00:00:09.960 Hi everybody, my name is Maxime, and today I'm going to be telling you about optimizing YJIT's performance from inception to production.

00:00:24.539 I mean, wait until after to talk to the club. We all love Ruby, but optimizing Ruby's performance has proven to be a difficult and daunting problem.

00:00:35.820 There have been many different projects trying to build just-in-time compilers for Ruby to improve its performance, but most of these projects today are either abandoned or didn't reach the outcomes they hoped for at the beginning in terms of adoption.

00:01:01.140 Recently, YJIT has reached an important milestone at Shopify; we've deemed it to be 'production ready.' This is not just talk; we've deployed YJIT to all of the storefront render infrastructure at Shopify, serving all of the requests at Shopify stores.

00:01:12.780 Every time you visit a Shopify store, you're using code that was run by YJIT. We're seeing significant end-to-end speedups, and it's not just us; as of yesterday, Discord announced that they are also using YJIT in production and getting similar speedups as well.

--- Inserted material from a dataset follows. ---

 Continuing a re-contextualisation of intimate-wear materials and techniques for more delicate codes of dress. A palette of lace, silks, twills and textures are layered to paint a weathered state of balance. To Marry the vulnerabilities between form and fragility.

00:01:45.720 This talk is not just technical; it's about some of the decisions that led to YJIT being production-ready. I also want to share a bit about the origin story and the background behind YJIT.

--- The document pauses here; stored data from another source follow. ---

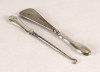 De miért voltak olyan aprócska eszközök is, amikkel biztosan nem lehetett cipőt gombolni? A sokgombos világban, a ruhák és a hosszú kesztyűk is rengeteg gombbal záródtak. Nem volt egyszerű begombolni a merev, keményített férfi inggallérokat és mandzsettákat sem. Az utóbbiakhoz főként hurok végződésű gallérgombolókat alkalmaztak. Ez a helyes példány például achát nyéllel készült.
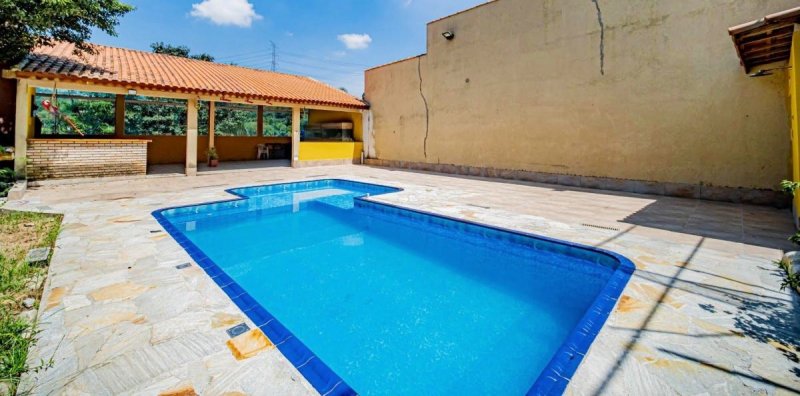 Linda Chácara dentro de condomínio com 3 quartos, sendo 1 suíte com armários planejados, ampla sala de estar, cozinha com armários, lavanderia coberta, 2 banheiros na casa principal, escritório com banheiro, amplo quintal com pomar e horta, piscina e salão de festas com espaço gourmet e churrasqueira, banheiro na área de lazer, ateliê e 4 vagas de garagem.
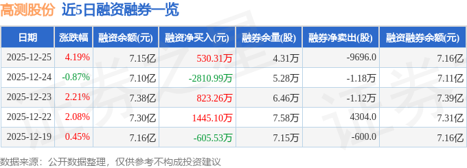 证券之星消息,截至2025年12月25日收盘,高测股份(688556)报收于11.94元,上涨4.19%,换手率4.26%,成交量35.4万手,成交额4.15亿元。
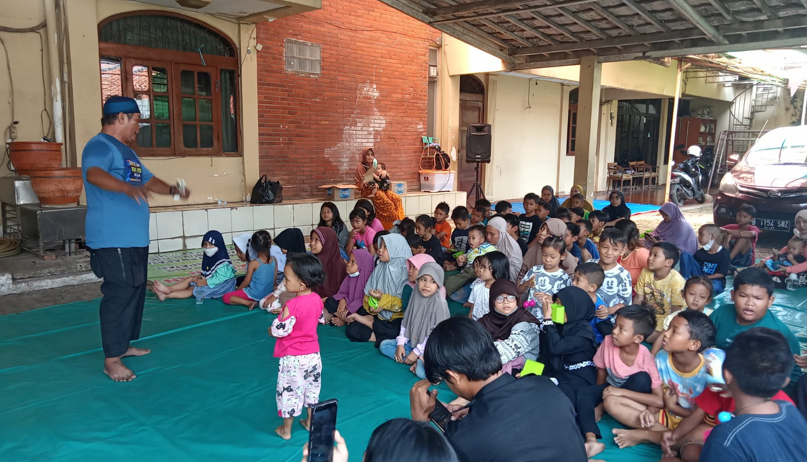 Tampak anak anak bersemangat dan terhibur. Kemudian ada game gambar yang juga membawa anak anak senang dan antusias. Selain dengan nyanyian untuk orang tua, anak anak juga diajak bersolawat.
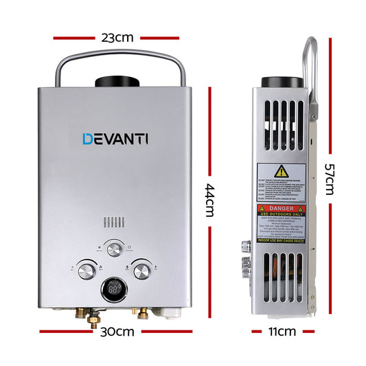 Devanti Outdoor Portable Gas Water Heater 8LPM Camping Shower Silver
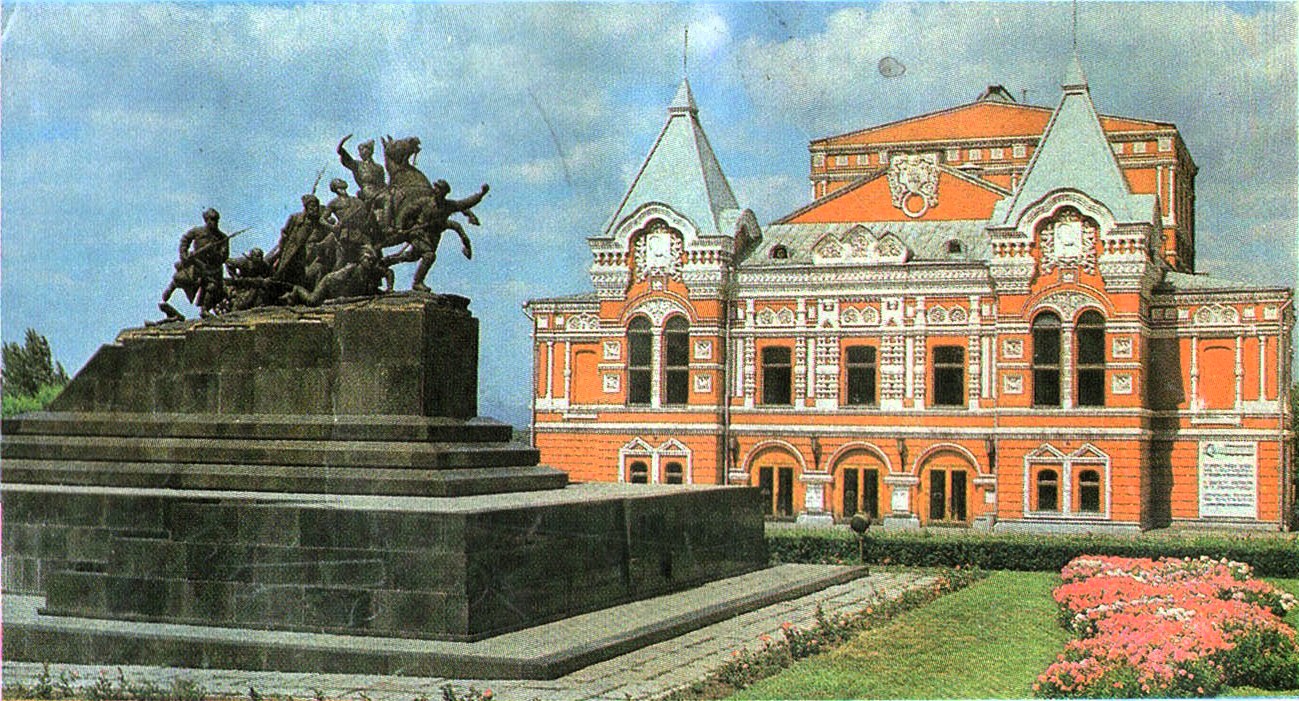 Драматический театр и памятник Чапаеву.
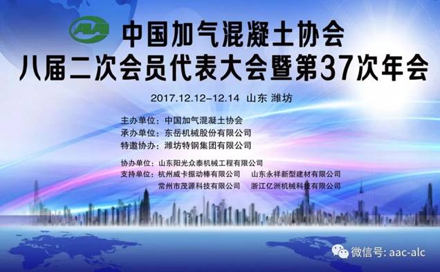 2017年是實施“十三五”規劃的重要一年,是供給側結構性改革的深化之年。為認真宣傳貫徹國家產業政策,由中國加氣混凝土協會主辦,東岳機械股份有限公司承辦的中國加氣混凝土協會第37次年會在山東濰坊隆重舉行。來自全國加氣行業的500多名領導、專家、學者、企業代表齊聚一堂,共商行業發展大計。

00:01:58.560 There's a famous quote by Mary Kay Ash: 'Ideas are a dime a dozen; people who implement them are priceless.' What I take from this is that many good ideas exist, but there aren't enough people out there implementing these good ideas.

00:02:29.459 Unfortunately, people tend to shorten the quote to 'Ideas are a dime a dozen,' which can lead to a cynical interpretation that all ideas are equally worthwhile or worthless, merely a matter of implementation.

00:02:50.400 However, I believe that starting from a bad concept may never deliver the desired outcomes, no matter how many resources or years are thrown at it. In this talk, I want to discuss the origins and goals of the YJIT project, the benchmarks we've curated to evaluate its performance, our data-driven approach to optimization, and some of the engineering trade-offs involved in compiler design.

00:03:35.040 The YJIT project started over two years ago, originally built primarily at Shopify but fully open-sourced. Notably, we received significant contributions from individuals at GitHub as well.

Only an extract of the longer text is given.